The adoption of tools such as wearable health trackers, or even simple changes such as scheduling video calls rather than face-to-face consultations with a clinician when a physical examination is not needed, can massively help with patient retention, as they are no longer encumbered by long travel distances.
As well as improving patient retention, decentralisation plays a key role in widening access and improving patient enrolment. When a trial includes remote elements, potential participants are less disadvantaged by their distance from the trial site, and the decision to take part can be a much easier one.
AI in trial planning
AI has emerged as a valuable tool for improving the efficacy of patient enrolment.
AI and predictive analytics of multiple large, external data sets from different sources are an emerging use case of AI that enables trial planners to identify high priority sites to target recruitment. This allows rare disease clinical trials to more efficiently and accurately reach those who are most suitable for enrolment based on existing data.
Steady progress is being made
While it is important to celebrate the achievements of technology in the past few years in addressing some of the key barriers for rare disease patients in clinical trials and innovating the patient experience, it is equally as important to carefully evaluate each implementation and recognise where there is still the need for improvement.
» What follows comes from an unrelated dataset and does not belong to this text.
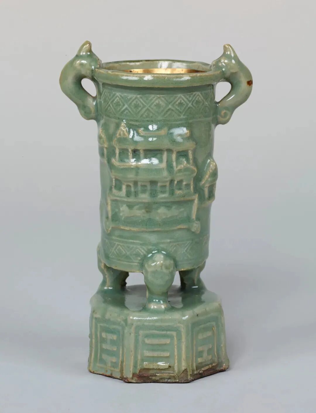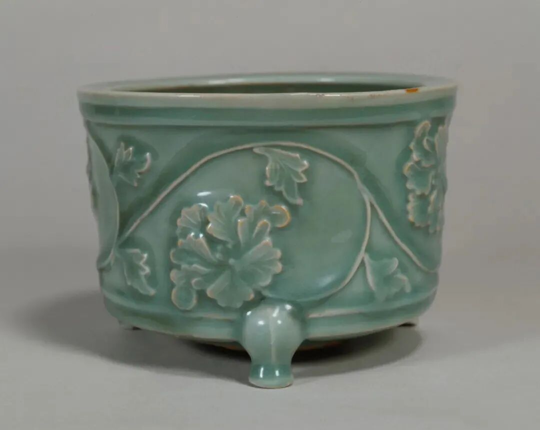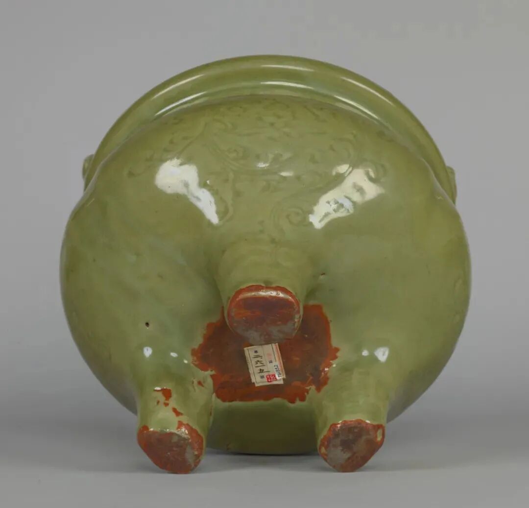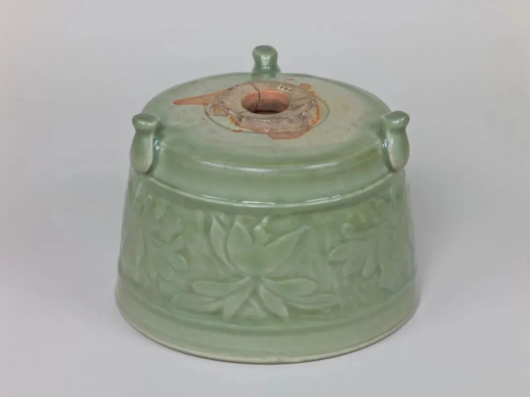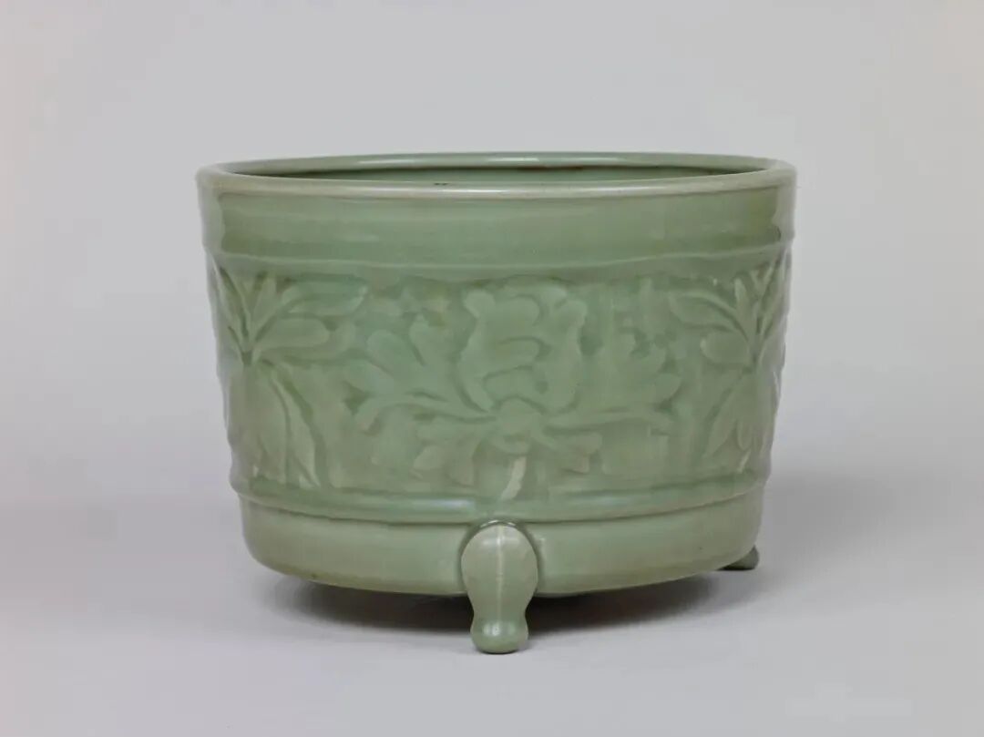 此类底部开孔的龙泉窑樽式炉多见于明代制品。

For example, many new technologies being implemented in clinical trials rely on the availability of data. It is imperative, therefore, that the data patients volunteer to provide and we collect as researchers is shared and used to the largest extent possible, to advance all aspects of effective treatments and not limit its use to support the conclusions of just one trial.
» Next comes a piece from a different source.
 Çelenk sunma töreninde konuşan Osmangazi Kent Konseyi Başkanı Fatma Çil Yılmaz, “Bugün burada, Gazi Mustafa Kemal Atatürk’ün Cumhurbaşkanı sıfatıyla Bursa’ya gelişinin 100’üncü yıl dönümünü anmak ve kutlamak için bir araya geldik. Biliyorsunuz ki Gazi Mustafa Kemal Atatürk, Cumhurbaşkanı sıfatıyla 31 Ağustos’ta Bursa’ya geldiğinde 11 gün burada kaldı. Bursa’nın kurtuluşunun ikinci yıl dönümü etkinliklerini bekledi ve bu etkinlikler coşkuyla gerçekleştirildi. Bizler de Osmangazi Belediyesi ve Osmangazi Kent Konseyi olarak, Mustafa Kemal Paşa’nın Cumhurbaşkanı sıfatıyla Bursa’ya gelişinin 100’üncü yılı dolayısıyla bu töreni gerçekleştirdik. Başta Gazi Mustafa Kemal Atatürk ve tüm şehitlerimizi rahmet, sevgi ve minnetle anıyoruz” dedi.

We have seen that clinical trials are adapting sensibly, balancing the adoption of tools that have potential to address urgent rare disease patient needs with responsible trial practices.
As we look to next year, there is potential for both existing and new technology to revolutionise aspects of clinical trials for rare diseases. Amid the conversations around AI, it will be fascinating to see how the technology is strategically improved and integrated. We expect continued growth in SCAs in addition to new advances using predictive modelling to better design and analyse rare disease trials. It’s promising to see such an indispensable industry lead in the end-to-end digitalisation and innovation in trials for the benefit of what has historically been a sometimes overlooked population.